NY金

↓クリックすると拡大します↓

©Copyright Jiji Press Ltd. All rights reserved

 

・WGCの需給レポートはこちら

・金の地上在庫はこちら

・世界の金生産量はこちら

・公的機関の金準備はこちら

・海外投資家の米国債保有額はこちら

・中国の金準備はこちら

・中国の金輸入量はこちら

・スイスの金輸出量はこちら

先週のNY金(中心限月)は、前週末比97.0ドル安の5061.7ドルで終了。2週連続で下落しております。

ハメネイ師の後継に同師の次男反米強硬路線とみられているモジタバ・ハメネイ師が選出されたことを受けて、米国とイスラエルによるイラン攻撃が長期化するとの見方から「有事のドル買い」の動きが拡大。相対的にドル建て商品に割高感が生じる中、週明け3月9日に5021.2ドルまで下げる場面も見られております。

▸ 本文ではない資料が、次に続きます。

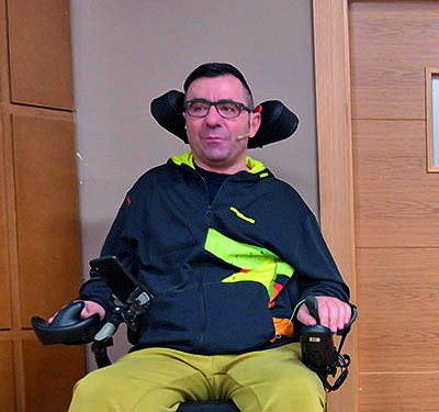 En primer lugar, refrescó sus recuerdos de montaña y ciclismo en los que disfrutó al 100%: desde las grandes rutas en BTT o a pie hasta los retos y carreras por montaña. Tras ello, relató el accidente que cambió todo en su vida para adentrarse posteriormente en el proceso de lucha contra su lesión medular, disminuyendo hasta los 0 km/h para, poco a poco y con la mirada puesta en el futuro, acelerar y afrontar su nueva forma de vida. Un camino duro y difícil que encara con la misma entereza y decisión con la que vivía el deporte.

ただ、引き続き心理的節目の5000ドルを維持したことから安値は買い拾われております。その後、トランプ米大統領が「イランとの戦争はほぼ終わった」と述べ、早期終戦の可能性を示唆したことや、主要国が協調して石油備蓄を放出するとの観測が拡がる中、原油価格が急落。インフレ再燃への懸念が後退してドル高が一服したため、翌10日に5248.7ドルまで上昇するも、米長期金利の上昇が続く中、一段高とはならず。

トランプ米大統領は13日に、ペルシャ湾にあるイランの石油積み出し拠点があるカーグ島の軍事拠点を爆撃したと発表。中東情勢が一段と緊迫化するとの懸念が拡がる中、WTI原油が再び100ドル台を回復したことを受けて、金相場は週明けの時間外取引で2月20日以来の5000ドル割れとなり、4970.1ドルまで下げる場面も見られております。ただ、50日平均線を維持したことから、安値は買い拾われたようで、現在は5000ドル台を回復しております。

米長期金利の上昇やドル高が嫌気されて上値が重い中、テクニカル的にもMACDがデッド・クロスを維持しており、しばらくは5000ドル近辺で揉み合う展開が続きそうです。とは言え、トランプ米政権から戦争終結に向けた明確な出口戦略が見えない一方で、ホルムズ海峡は事実上の封鎖された状態が続くなど、イランは徹底抗戦の構えを崩していないことから、米国の中東での軍事作戦が市場が想定していたよりも長期化するとの見方が拡大しております。

また、2月米雇用統計で非農業部門の就業者数は前月比9.2万人減少。市場予想(5.9万人増)に反して大きな落ち込みとなり、失業率も4.4%と、前月から0.1ポイント悪化。一方で、中東情勢緊迫化による原油価格高騰で、インフレ再燃の恐れが台頭。景気減速と物価高騰が共存する「スタグフレーション」に陥るのではないかとの懸念も拡がる中、中東情勢や世界景気の先行き不透明感から、引き続き安値は「安全資産」として買い拾われそうです。また、米国の中東での軍事作戦が長期化するようだと、戦費拡大に伴う財政悪化懸念も強まる可能性があります。

今週は17、18日の両日にFOMCが開催されます。市場では政策金利を据え置くとの見方が大勢を占めておりますが、最近の原油高を受けて、ドットチャートやパウエルFRB議長の発言に変化があるか注目されます。

 

SPDRゴールド・シェアの金保有残高

↓クリックすると拡大します↓

 

最後に、世界最大の金ETFである「SPDRゴールド・シェア」の金保有残高は前週末比1.77トン減少の1071.57トンと、2週連続で減少。

世界第2位の金ETFである「iシェアーズ・ゴールド・トラスト」は前週末比7.08トン減少の487.14トンと、5週連続で減少しております。

 

 

※豊トラスティ証券株式会社が提供する投資情報は、あくまで情報提供を目的としたものです。銘柄の選択、売買価格など投資にかかる最終決定は弊社の重要事項説明書を十分にお読み頂き、投資家自身の判断でなさる様にお願い致します。本資料作成につきましては細心の注意を払っておりますが、その正確性については保証するものではなく、万一その内容に誤りがあった場合、その誤りに基づく障害については当社は一切の責任を負いかねます。